• WHAT TO PRODUCE
Omit all pictures and transcribe only the lines in the entries below that run from the line with "вязаный комплект, вязаный" through the line with "4. Z przypraw".

• DATASET ENTRIES
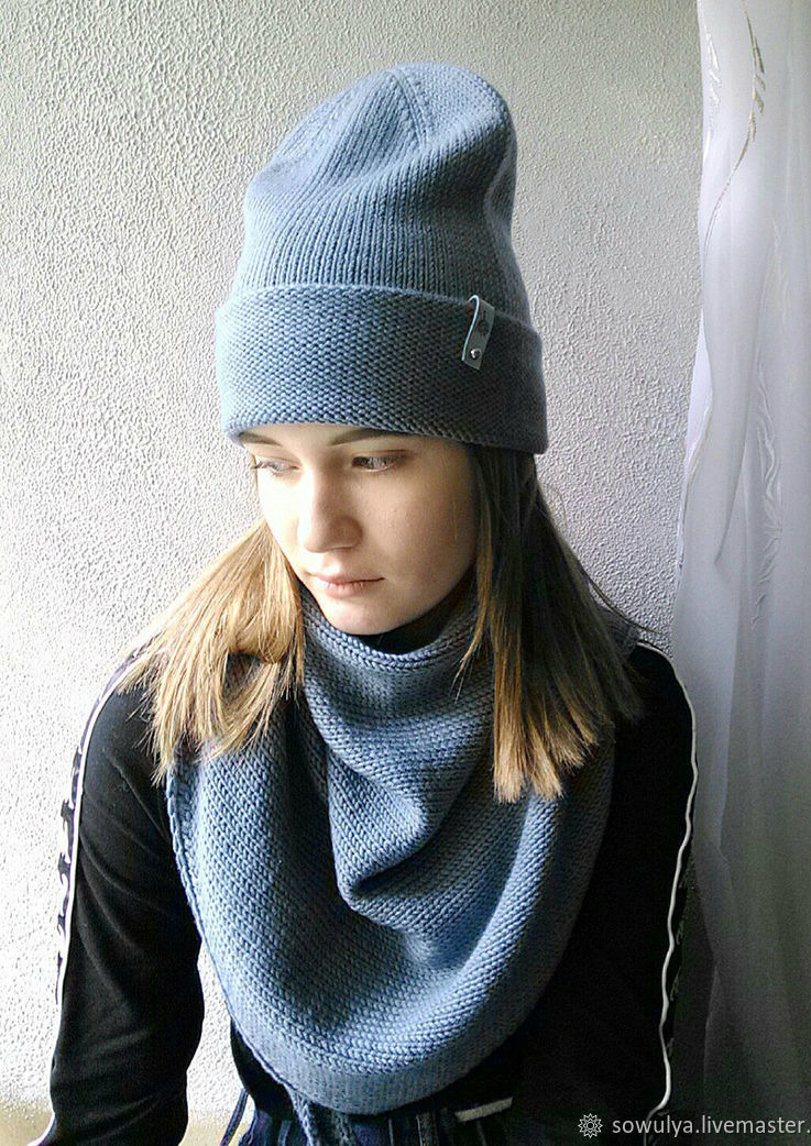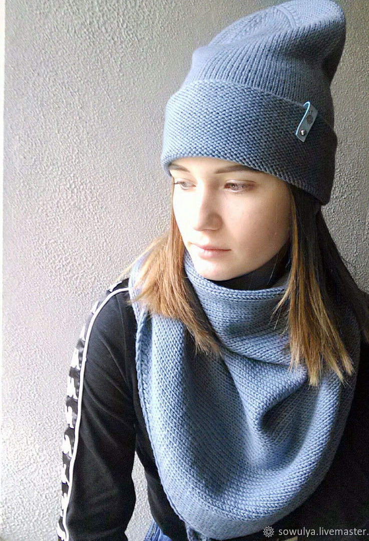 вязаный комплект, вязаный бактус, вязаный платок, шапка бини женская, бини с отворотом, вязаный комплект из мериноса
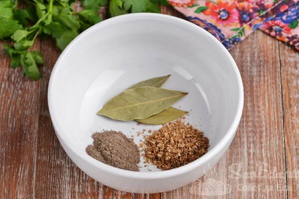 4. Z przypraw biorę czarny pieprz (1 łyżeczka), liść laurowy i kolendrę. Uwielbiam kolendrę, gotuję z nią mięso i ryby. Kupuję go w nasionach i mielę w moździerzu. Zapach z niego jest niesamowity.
--
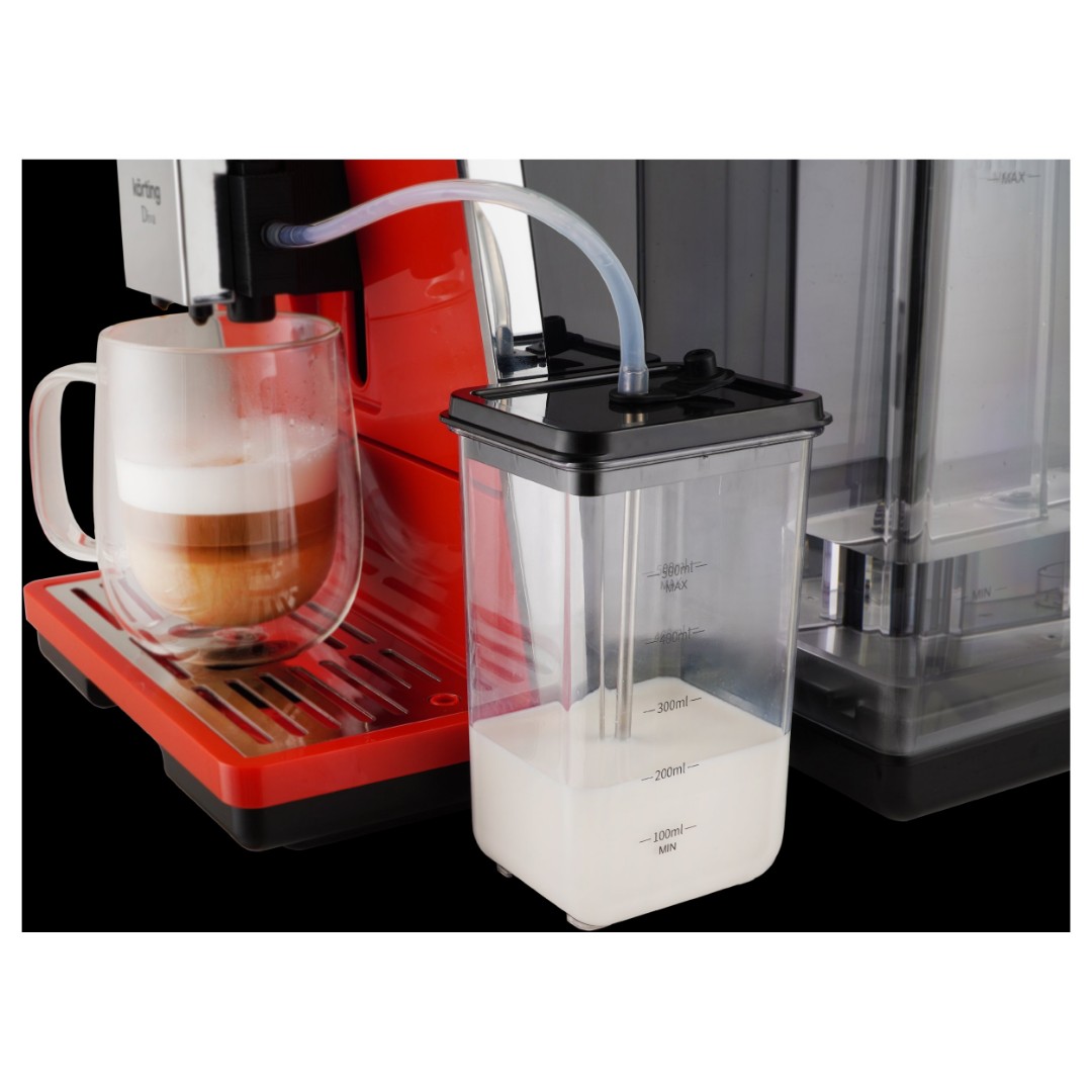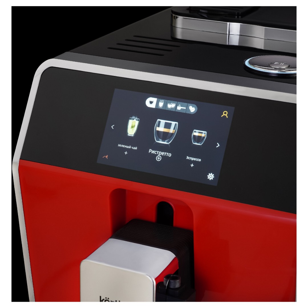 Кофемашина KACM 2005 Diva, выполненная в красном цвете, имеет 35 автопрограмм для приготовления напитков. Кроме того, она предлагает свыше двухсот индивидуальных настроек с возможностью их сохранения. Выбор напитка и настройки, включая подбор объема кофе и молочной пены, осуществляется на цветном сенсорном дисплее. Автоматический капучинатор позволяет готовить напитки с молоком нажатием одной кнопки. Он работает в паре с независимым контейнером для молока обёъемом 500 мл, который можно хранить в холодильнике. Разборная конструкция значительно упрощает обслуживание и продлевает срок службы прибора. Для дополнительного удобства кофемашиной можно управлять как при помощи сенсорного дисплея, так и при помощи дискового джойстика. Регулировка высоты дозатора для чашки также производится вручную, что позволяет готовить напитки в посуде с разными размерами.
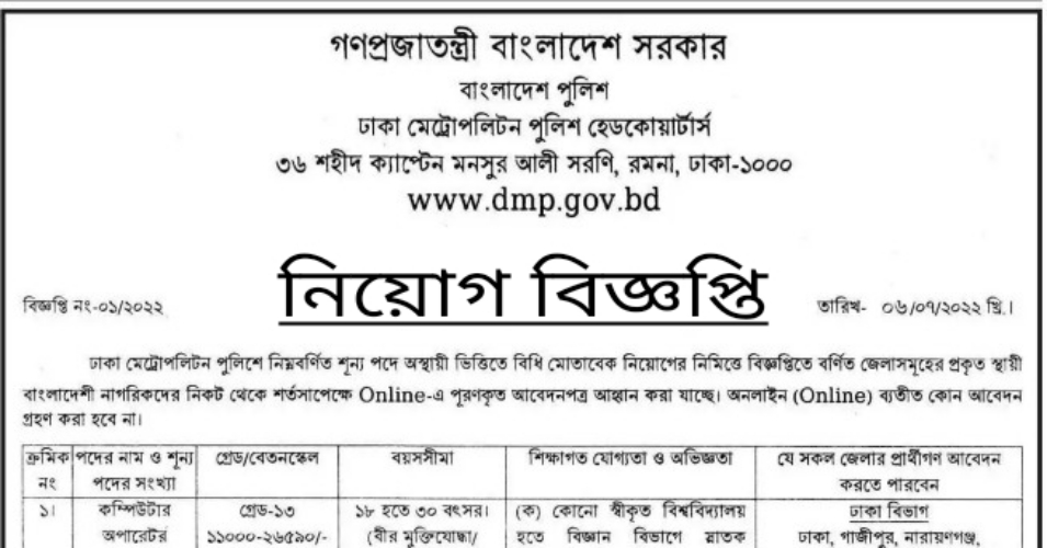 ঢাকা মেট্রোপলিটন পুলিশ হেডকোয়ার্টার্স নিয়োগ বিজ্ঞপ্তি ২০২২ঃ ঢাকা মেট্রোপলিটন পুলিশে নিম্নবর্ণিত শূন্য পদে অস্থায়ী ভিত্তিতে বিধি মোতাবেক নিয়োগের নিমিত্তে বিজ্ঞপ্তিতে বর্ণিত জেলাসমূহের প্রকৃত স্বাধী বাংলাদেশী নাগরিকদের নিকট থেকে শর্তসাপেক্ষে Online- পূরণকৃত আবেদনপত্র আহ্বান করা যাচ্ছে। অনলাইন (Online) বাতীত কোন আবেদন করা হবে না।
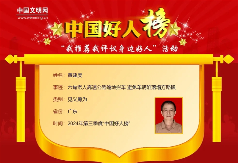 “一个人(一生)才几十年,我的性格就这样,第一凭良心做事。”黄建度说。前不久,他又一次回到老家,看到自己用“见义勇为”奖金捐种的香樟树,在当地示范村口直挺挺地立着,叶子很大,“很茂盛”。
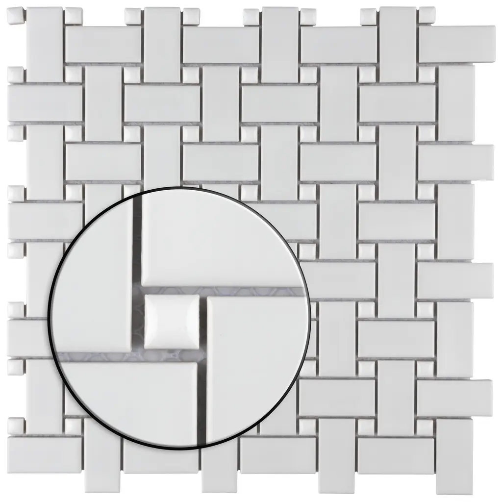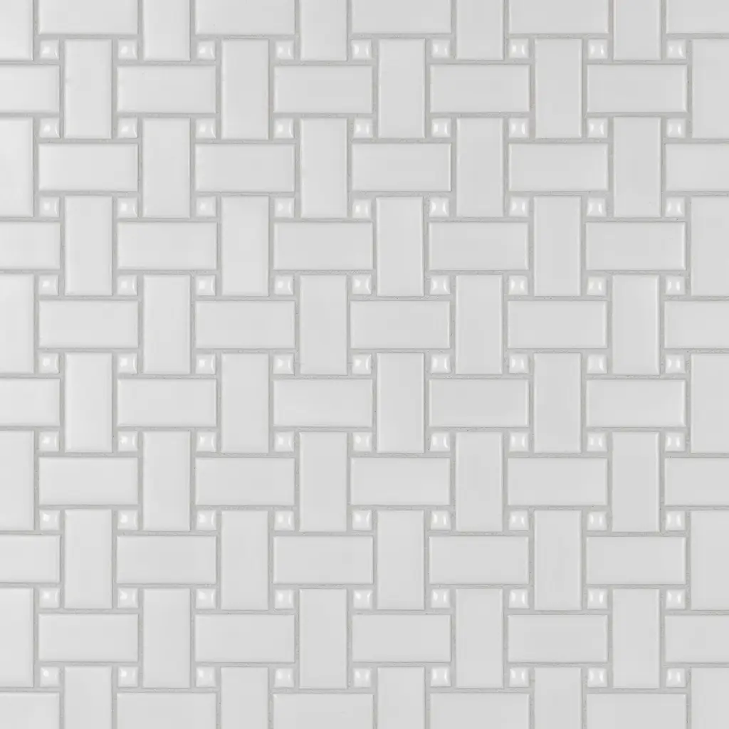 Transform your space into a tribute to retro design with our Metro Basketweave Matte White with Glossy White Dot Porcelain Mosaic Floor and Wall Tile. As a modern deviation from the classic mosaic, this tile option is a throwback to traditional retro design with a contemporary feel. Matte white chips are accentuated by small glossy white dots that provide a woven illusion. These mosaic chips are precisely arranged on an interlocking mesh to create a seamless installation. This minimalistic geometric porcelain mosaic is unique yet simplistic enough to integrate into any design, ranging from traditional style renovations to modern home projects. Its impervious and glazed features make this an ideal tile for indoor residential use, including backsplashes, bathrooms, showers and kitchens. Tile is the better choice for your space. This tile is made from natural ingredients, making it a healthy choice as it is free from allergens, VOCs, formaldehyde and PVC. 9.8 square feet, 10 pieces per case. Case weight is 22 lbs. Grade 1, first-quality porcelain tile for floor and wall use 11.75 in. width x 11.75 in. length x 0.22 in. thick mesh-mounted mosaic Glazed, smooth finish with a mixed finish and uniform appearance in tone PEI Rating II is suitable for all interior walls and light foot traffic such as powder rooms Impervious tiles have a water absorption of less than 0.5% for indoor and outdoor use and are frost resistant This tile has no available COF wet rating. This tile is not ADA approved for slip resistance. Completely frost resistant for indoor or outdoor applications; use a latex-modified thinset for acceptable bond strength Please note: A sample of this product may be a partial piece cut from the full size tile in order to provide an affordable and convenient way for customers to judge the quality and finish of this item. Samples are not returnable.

• RESPONSE BOX
 вязаный комплект, вязаный бактус, вязаный платок, шапка бини женская, бини с отворотом, вязаный комплект из мериноса
 4. Z przypraw biorę czarny pieprz (1 łyżeczka), liść laurowy i kolendrę. Uwielbiam kolendrę, gotuję z nią mięso i ryby. Kupuję go w nasionach i mielę w moździerzu. Zapach z niego jest niesamowity.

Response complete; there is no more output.